Iranian authorities have ruled that members of religious minorities living in the country can be elected as members of city and village councils, reaffirming an existing law that had been rejected by the Guardian Council.

Iran’s Expediency Council, which is charged with resolving disputes between the Iranian Parliament and the Guardian Council, ruled on Saturday that members of the religious minorities can be elected to local councils.

Two-thirds of those participating a Saturday meeting of the Expediency Council voted for the law, which will allow Sepanta Niknam, a Zoroastrian member-elect of Yazd’s city council, to start his work as a councillor after being suspended by the Guardian Council.

“Today, the Expediency Council ruled that the 1996 law on religious minorities is applicable and they can run for local elections,” Gholam-Reza Mesbahi-Moqaddam a member of the Expediency Council told Mehr News Agency.

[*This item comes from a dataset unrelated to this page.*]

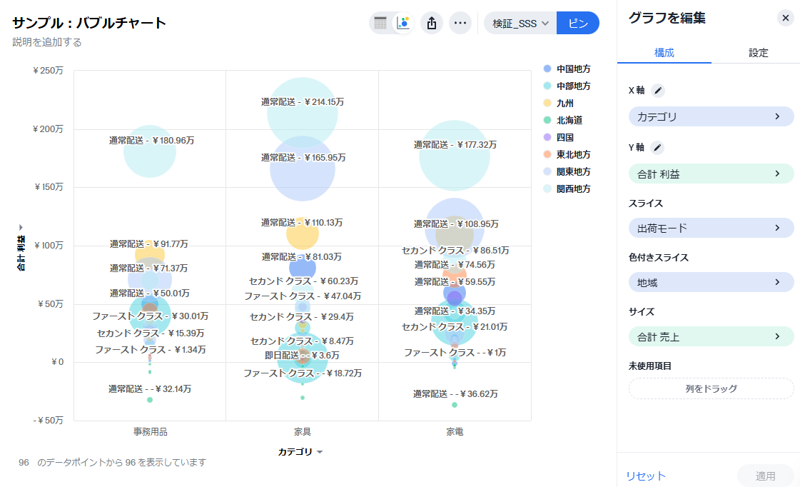 以下の例は、とりあえず全項目が埋まるように作成したため見やすさはいかがなものか、というのはありますが、X軸はカテゴリ、Y軸は利益、サイズは売上、スライスは出荷モード、色付きスライスは地域としています。これによって、利益が赤字の地域/出荷モードは下の方に表示されつつ、売上が大きければバブルのサイズが大きい、といった表現が可能です。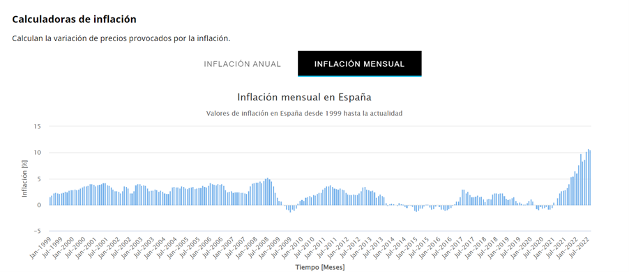 En esta web podrás ver la inflación de España en el momento temporal que gustes de los últimos 20 años.

Sepanta Niknam was the only non-Muslim politician elected to the council of Yazd in central Iran back in May 2017 but he was suspended later in the year following a complaint by one of his fellow councillors and a decision by the Guardian Council.

It had followed a ruling by the head of Iran’s Guardian Council, which oversees elections, barring religious minorities from running for municipal votes.

Since the Guardian Council can only oversee national elections, the ruling was rejected by parliament, but that did not prevent Niknam’s suspension.

Majid Ansari, another member of the Expediency Council said the members ruled on Saturday in favour of Niknam.

“Today, the Expediency Council ruled that religious minorities can participate in council elections in their towns,” he said.  According to Ansari, Niknam is now free to retake his post in the Yazd city council.

Iran officially recognises Iranian Zoroastrians, Jews and Christians as religious minorities.

The national parliament has several religious minority members, including three Christians, a Zoroastrian and a Jew among its 290 deputies.

Zoroastrianism was the dominant religion in Persia, prior to the arrival of Islam, but only counts around 25,000 adherents today, according to government figures.